▶ _TASK OBJECTIVE_:
Could you please output all of the data exactly, without the images?

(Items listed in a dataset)
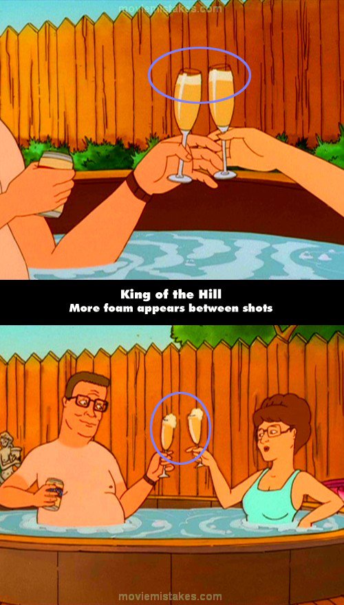 Continuity mistake: During the scene where Peggy and Hank are enjoying a spa, Hank fills up the champagne glasses with beer. He stops pouring a bit before the top of the glasses and there is very little foam on the top. In the very next shot both their glasses have foam overflowing from it.
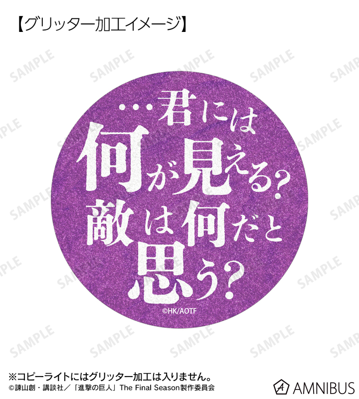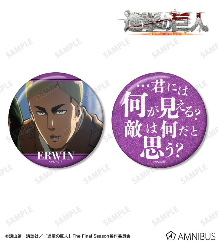 TVアニメ『進撃の巨人』より、75mm缶バッジ2個セットの登場です。
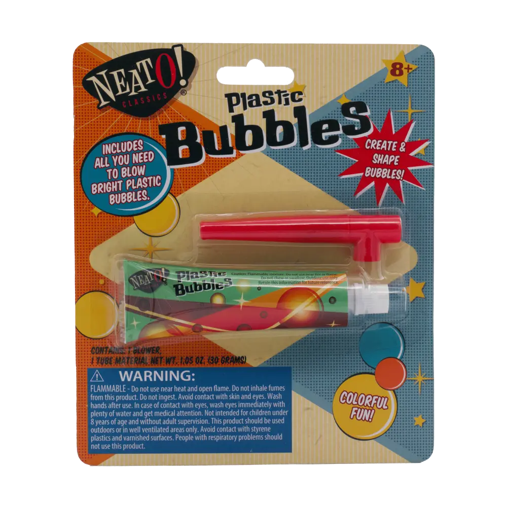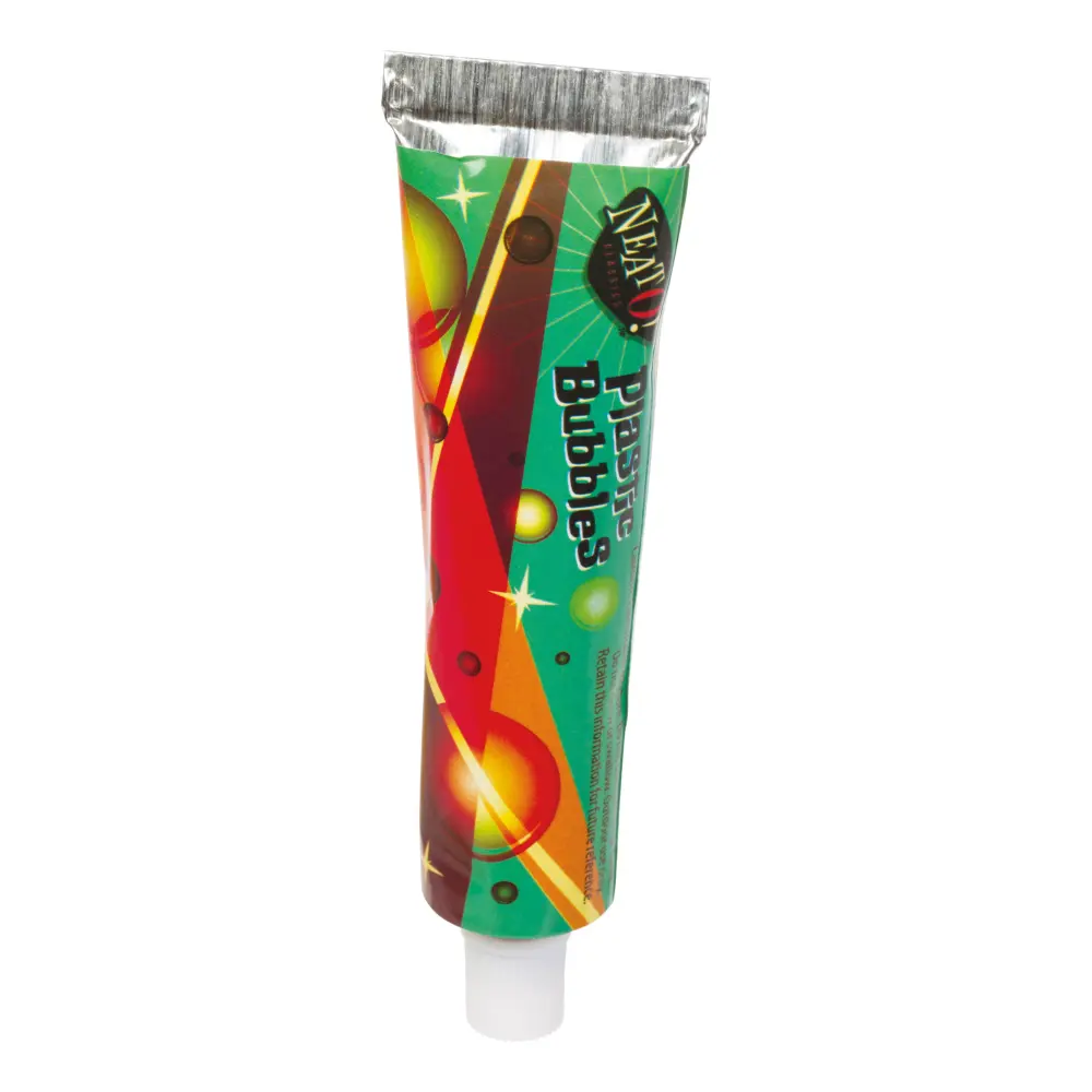 This creative bubble toy comes with a plastic blower straw, tube key, and 1 tube of plastic bubble material.
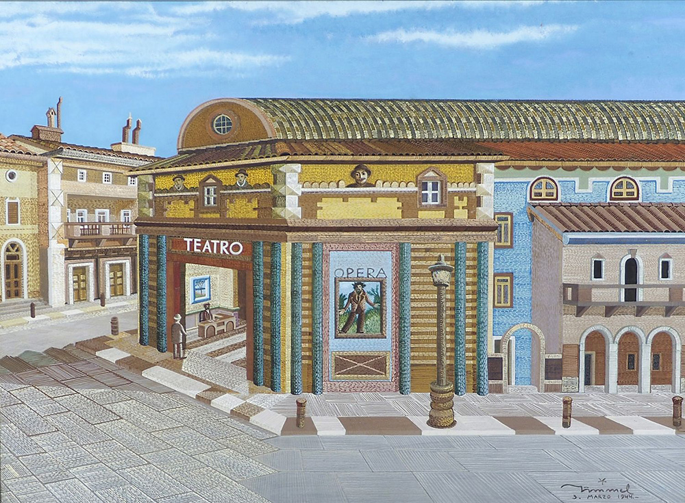 Vito Timmel Vienna 1886-Trieste 1949 "Teatro" cm. 48x66 - tempera su cartoncino Firmato b. a d. e datato 3 marzo 1944. Al retro etichetta con scritto: "SOGNO per la strada entrato per entrare al Teatro un amico mi ha pagato l'entrata. Piccolo Teatro meravigliosa opera meravigliosa, sogno. 7 dicembre 1943, Timmel". Pubbl.: catalogo "Vito Timmel" a cura Fondazione CRTrieste 2000, pag. 190 fig. 191. Epsosiz.: "Museo della follia" di V. Sgarbi, Palazzo della Regione Mantova 2015, fuori catalofo.
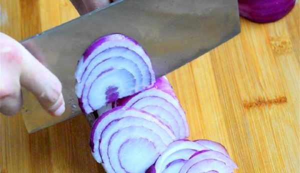 2、等待木耳泡發的時候,我們把洋蔥洗凈去掉頭尾,對半切開後切絲備用;
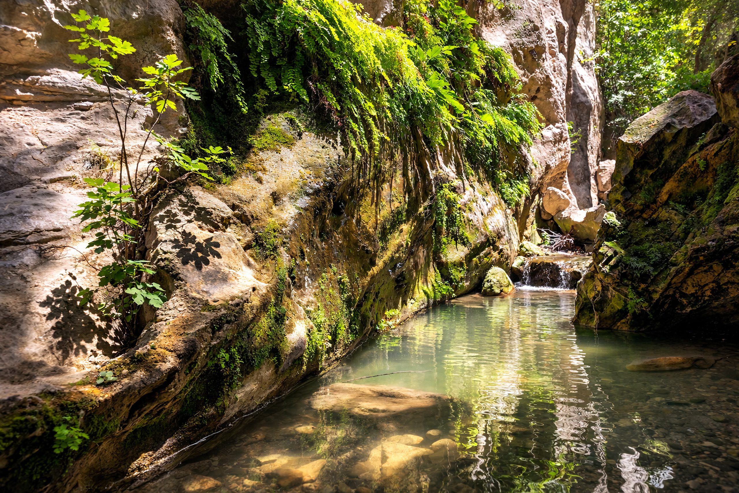 The microclimate inside Avakas Gorge allows plants to grow that wouldn’t normally survive in Cyprus’s dry climate. The narrow walls create shade and trap moisture, which means the gorge stays cooler and damper than the surrounding landscape. This allows ferns, wild figs, and other water-loving plants to thrive.
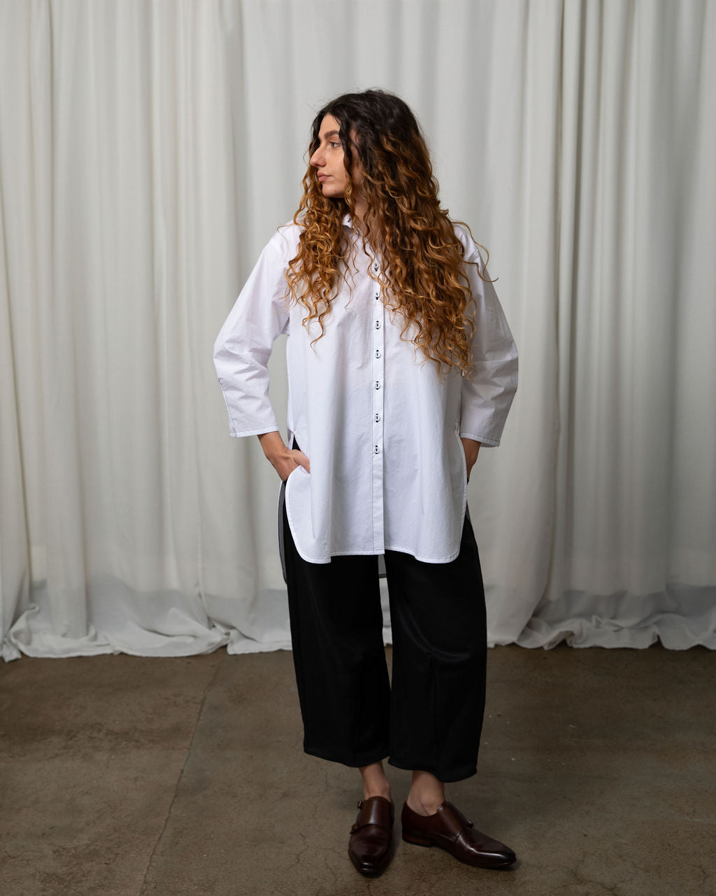 Featuring a cropped wide-leg that architecturally tapers towards the ankle, the Tokyo Trouser is defined by its unique centre-leg dart — an intentional design detail that elongates the leg and creates an interesting artistic line that works across all body shapes. The result is a pant that feels polished, flattering, and endlessly wearable.

▶ _THE COMPLETED TASK_:
 Continuity mistake: During the scene where Peggy and Hank are enjoying a spa, Hank fills up the champagne glasses with beer. He stops pouring a bit before the top of the glasses and there is very little foam on the top. In the very next shot both their glasses have foam overflowing from it.
 TVアニメ『進撃の巨人』より、75mm缶バッジ2個セットの登場です。
 This creative bubble toy comes with a plastic blower straw, tube key, and 1 tube of plastic bubble material.
 Vito Timmel Vienna 1886-Trieste 1949 "Teatro" cm. 48x66 - tempera su cartoncino Firmato b. a d. e datato 3 marzo 1944. Al retro etichetta con scritto: "SOGNO per la strada entrato per entrare al Teatro un amico mi ha pagato l'entrata. Piccolo Teatro meravigliosa opera meravigliosa, sogno. 7 dicembre 1943, Timmel". Pubbl.: catalogo "Vito Timmel" a cura Fondazione CRTrieste 2000, pag. 190 fig. 191. Epsosiz.: "Museo della follia" di V. Sgarbi, Palazzo della Regione Mantova 2015, fuori catalofo.
 2、等待木耳泡發的時候,我們把洋蔥洗凈去掉頭尾,對半切開後切絲備用;
 The microclimate inside Avakas Gorge allows plants to grow that wouldn’t normally survive in Cyprus’s dry climate. The narrow walls create shade and trap moisture, which means the gorge stays cooler and damper than the surrounding landscape. This allows ferns, wild figs, and other water-loving plants to thrive.
 Featuring a cropped wide-leg that architecturally tapers towards the ankle, the Tokyo Trouser is defined by its unique centre-leg dart — an intentional design detail that elongates the leg and creates an interesting artistic line that works across all body shapes. The result is a pant that feels polished, flattering, and endlessly wearable.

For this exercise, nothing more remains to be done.